I had a light late lunch and decided that we would not go round the bay to the wedding venue until tomorrow, so after a few drinks and a couple of hours in the sun we headed back to our rooms. The hotel restaurants all closed at 9.30pm so we discussed the option of wandering to the seafront, where lots of restaurants would no doubt be open later, but tiredness set in so we thought about room service. Sally gave me the telephone list but there was no room service on it, though she insisted that this was a five star hotel – they must do room service. No joy, so we raided the mini bar, and dinner consisted of a bag of cheese biscuits and a bottle of water. The following morning Sally tried to work out how to use the in room coffee machine. She pulled out a large pamphlet, that turned out to be a full room service menu containing burgers, chicken, steak, etc. I somehow refrained from swearing. Fortunately breakfast was only a few minutes away, so I tucked in to the nearest the Germans could ever get to a full English, as well as a large slice of chocolate cake. The stroll to breakfast also provided a bit of wildlife – I’ve never seen a hoopoe before!
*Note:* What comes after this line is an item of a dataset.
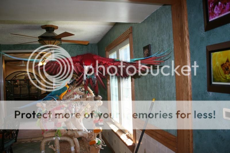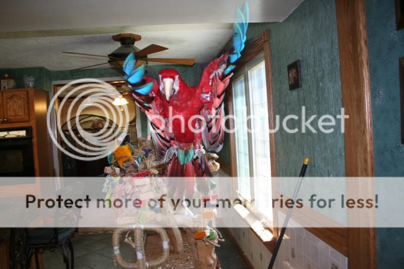 Khaleesi > Green wing macaw. Parrot >Jendai conure Squee> Scaly-breasted lorikeet
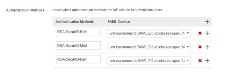 When you create a 3rd Party IDP for RSA SecurID Access, you can specify the AuthnContextClassRef when defining the authentication methods:

The wedding was a fabulous affair, though when my sister saw a picture of the groom and best man she commented, ‘I didn’t realise it was a gay wedding!’

The following day we had a leisurely lunch on the seafront at Porto Petro before returning to the grindstone back in Whaley Bridge!

Another great trip to York races had one magical moment. As is becoming the custom I ordered Sally a bottle of champagne on arrival. This came in a suitable bucket that was frosted over with the chilling ice cubes. After four glasses the frosted bucket had become clearer and I could read the label on the bottle. “Prosecco” it proudly announced. I mentioned it to Sally who said that she thought it was just crap champagne. Undaunted, she sought out the manageress of the bar that we were in and pointed out their mistake. This led to a full bottle of champagne arriving at the table to replace the remaining two glasses of Prosecco. She then proceeded to question a man in a horse costume, though she thought he was dressed as a giraffe! The drive home was interesting to say the least!